Missing part of xml when reading of BGG xml file by R XML and xml2 packages

41 Views Asked by At

I am reading and parsing xml files from the BoardGameGeek xml API2. For certain files, the xml files that I get back do not match the full xml file found in the url. Here is one example:

library(XML)
library(xml2)
bgg_url_api2 <- paste0('https://boardgamegeek.com//xmlapi2/thing?id=',toString(73994),
                     '&type=boardgame,boardgameexpansion,boardgameaccesory,rpgitem,rpgissue,videogame&versions=1&stats=1&videos=1&marketplace=1&pricehistory=1&comments=1')

data_api <- readLines(bgg_url_api2)

if (!'try-error' %in% class(try(xmlParse(data_api)))){xmlfile_api = xmlParse(data_api)
  saveXML(xmlfile_api, paste0('D:\\BGG\\BGG_xml_files_api2\\bgg_test.xml'))}

What happens is that a chunk of the original file is missing from the file I save, especially the "versions" section. I don't know if that's because it's corrupted or bad xml style or something else. I thought that using readLines would read the url exactly. Is there a way to fix this? Can I somehow just literally copy the xml text/code in the online file to my file? Thanks.

1

There are 1 best solutions below

0
On BEST ANSWER

You should use the httr package, which provides more control over HTTP requests and responses. Here's how you can modify your code to fetch the XML data reliably:


library(httr)
library(XML)

bgg_url_api2 <- paste0('https://boardgamegeek.com//xmlapi2/thing?id=', toString(73994),
                     '&type=boardgame,boardgameexpansion,boardgameaccesory,rpgitem,rpgissue,videogame&versions=1&stats=1&videos=1&marketplace=1&pricehistory=1&comments=1')

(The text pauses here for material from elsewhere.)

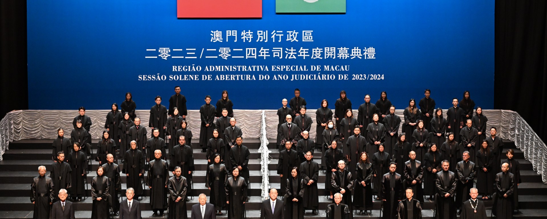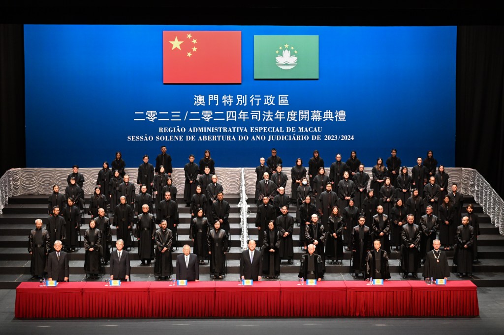 澳門特別行政區2023/2024年司法年度開幕典禮日前在文化中心舉行,由行政長官賀一誠、立法會代主席崔世昌、終審法院院長岑浩輝、行政法務司司長張永春、檢察長葉迅生、推薦法官的獨立委員會主席劉焯華、澳門律師公會理事會主席黃顯輝主禮。

# Send an HTTP GET request to the URL
response <- GET(bgg_url_api2)

# Check if the request was successful
if (http_type(response) == "text/xml") {
  # Parse the content of the response as XML
  xmlfile_api <- xmlParse(content(response, "text"))
  
  # Save the XML data to a file
  saveXML(xmlfile_api, paste0('D:\\BGG\\BGG_xml_files_api2\\bgg_test.xml'))
} else {
  cat("Failed to retrieve XML data from the URL.\n")
}